Pero en tiempos anteriores Jesús fue muy prolífico en mensajes y enseñanzas. Aquí hay algunas de las muchas cosas que le comunicó a su servidora:

  • «Mira, hija, que todos los corazones sean puros, que todos los míos se unan a María, para hacer de contrapeso a tanta maldad; de este modo, mi Corazón ultrajado será consolado. Que griten al Padre, que quiere perdonar pero al que le faltan las víctimas, como te he dicho. Que se haga reinar al Espíritu Santo, antagonista de Satanás. Sólo Él puede transformar lo que es materia en espiritual y en puro lo que no lo es».
  • «Hay almas que han recibido la unción a través de la ordenación sacerdotal.

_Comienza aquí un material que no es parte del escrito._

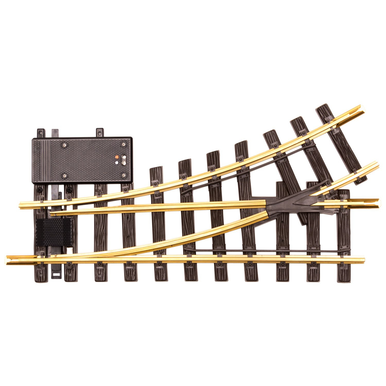 Gerades Gleis: 300 mm. Abzweigendes Gleis: links, R1. 30°. Der beiliegende Antrieb (LGB 12010) lässt sich rechts oder links an der Weiche montieren.

Pero hay… también almas sacerdotales que tienen una vocación sin tener la dignidad o la ordenación sacerdotal. Ellos se ofrecen en unión Conmigo… Estas almas ayudan espiritualmente a la Iglesia de manera poderosa».
  • «Tú serás madre de un gran número de hijos espirituales, pero ellos constarán a tu corazón como mil mártires. Ofrécete como holocausto para los sacerdotes, únete a mi sacrificio para obtener gracias para ellos».
  • «¿Qué es lo que sostiene a mi Iglesia en su unidad, en su fe, en su estabilidad, sino mi crucifixión constante, y los infinitos méritos de mi inmolación en los altares y en las almas? ¿Qué cosa hay de mayor gloria para mi Padre, para toda la Trinidad, sino mi perenne Sacrificio? ¿Qué puede haber de mayor eficacia sino mi constante crucifixión en bien de mi Iglesia y de las almas todas?».
  • «El Espíritu Santo, hija, se produjo de la mirada eterna de la complacencia entre el Padre y el Hijo, al contemplarse sin testigos, recíprocamente, con una delectación que ni los ángeles pueden comprender. De esa mirada (…) brotó el Amor increado,(…)el Amor mismo personificándose en el Espíritu Santo! Ése es su origen, pero origen eterno, (…) divino, (…) sin principio, porque en el principio ya era el Espíritu Santo con el Padre y el Verbo, fundidos todos en aquel Amor, que forma sus eternas complacencias y delicias».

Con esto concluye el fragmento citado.